Trend to be included in the regression, defaults to ‘c’. Values can be:

• ’none’: only consider the lag.

• ’c’: only include a constant.

• ’t’: only include the trend component.

• ’ct’: include both constant and trend components.

• metric (str, optional) – Type of metric to use in the linear regression for selecting the optimal lag, defaults to ‘aic’. Can either be ‘aic’ or ‘bic’.

• return_tuple (bool) – Return a tuple with test statistic, p-value, lag. Defaults to False.

Example

>>> from statinf import stats
... +------------------------------------------------------------+
... |                     Dickey-Fuller test                     |
... +------------+----------------+------------+---------+-------+
... |     df     | Critical value | Stat value | p-value |   H0  |
... +------------+----------------+------------+---------+-------+
... |        107 |       -3.41049 |  -1.298438 | 0.88831 | True  |
... +------------+----------------+------------+---------+-------+
... * We cannot reject H0: the series is not stationarity
... * Used 12 lags

Returns

Summary for the test or tuple statistic, critical value, p-value.

Return type

str or tuple

References
• Hamilton, J. D. (1994). Time series analysis. Princeton university press, Princeton, NJ.

• Wooldridge, J. M. (2010). Econometric analysis of cross section and panel data. MIT press.

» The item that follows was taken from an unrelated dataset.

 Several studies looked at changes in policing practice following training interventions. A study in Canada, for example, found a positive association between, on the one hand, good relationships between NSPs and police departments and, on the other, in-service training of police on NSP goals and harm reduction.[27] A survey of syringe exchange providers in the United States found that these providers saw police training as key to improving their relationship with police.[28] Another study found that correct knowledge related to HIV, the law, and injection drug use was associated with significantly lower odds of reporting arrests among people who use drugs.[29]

• Cameron, A. C., & Trivedi, P. K. (2009). Microeconometrics using stata (Vol. 5, p. 706). College Station, TX: Stata press.

• MacKinnon, J. G. (2010). Critical values for cointegration tests (No. 1227). Queen’s Economics Department Working Paper.

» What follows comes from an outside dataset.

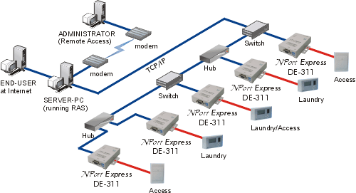 конкретной реализации используется шесть NPort Express, которые обеспечивают контроль 4 прачечных и 3 устройств контроля доступа. В настоящий момент в системе используются коммутаторы и хабы, но в скором времени они будут заменены на

statinf.stats.timeseries.coint_test(x1, x2, lag='auto', trend='c', metric='aic', return_tuple=False)[source]

Cointegration test.

Checks the relation between two time series. The null hypothesis $$H_0$$ is that there is no cointegration between both series. The methodology consists in regressing one variable on the other and checks the stationarity of the residuals.

Parameters
• x1 (pandas.DataFrame or numpy.ndarray) – First series to be compared.

• x2 (pandas.DataFrame or numpy.ndarray) – Second series to be compared.

• lag (int, optional) – Lag to be considered in the series, defaults to ‘auto’.

• trend (str, optional) – Trend to be included in the regression, defaults to ‘c’. See details in statinf.stats.timeseries.adf_test().

• metric (str, optional) – Type of metric to use in the linear regression for selecting the optimal lag, defaults to ‘aic’. Can either be ‘aic’ or ‘bic’.

• return_tuple (bool) – [description], defaults to False

• return_tuple – Return a tuple with test statistic, p-value, and relation. Defaults to False.

Example

>>> from statinf import stats
>>> stats.coint_test(series, series2,  trend='ct')
... +------------------------------------------------------------+
... |                     Cointegration test                     |
... +------------+----------------+------------+---------+-------+
... |     df     | Critical value | Stat value | p-value |   H0  |
... +------------+----------------+------------+---------+-------+
... |        120 |       -3.41049 |  -2.213066 |  0.4825 | True  |
... +------------+----------------+------------+---------+-------+
... * We cannot reject H0: the series are not cointegrated

Returns

Summary for the test or tuple statistic, critical value, p-value.

Return type

str or tuple

References
• Hamilton, J. D. (1994). Time series analysis. Princeton university press, Princeton, NJ.

• Wooldridge, J. M. (2010). Econometric analysis of cross section and panel data. MIT press.

• MacKinnon, J. G. (1991). Critical values for cointegration tests. In Eds., Long-Run Economic Relationship: Readings in Cointegration.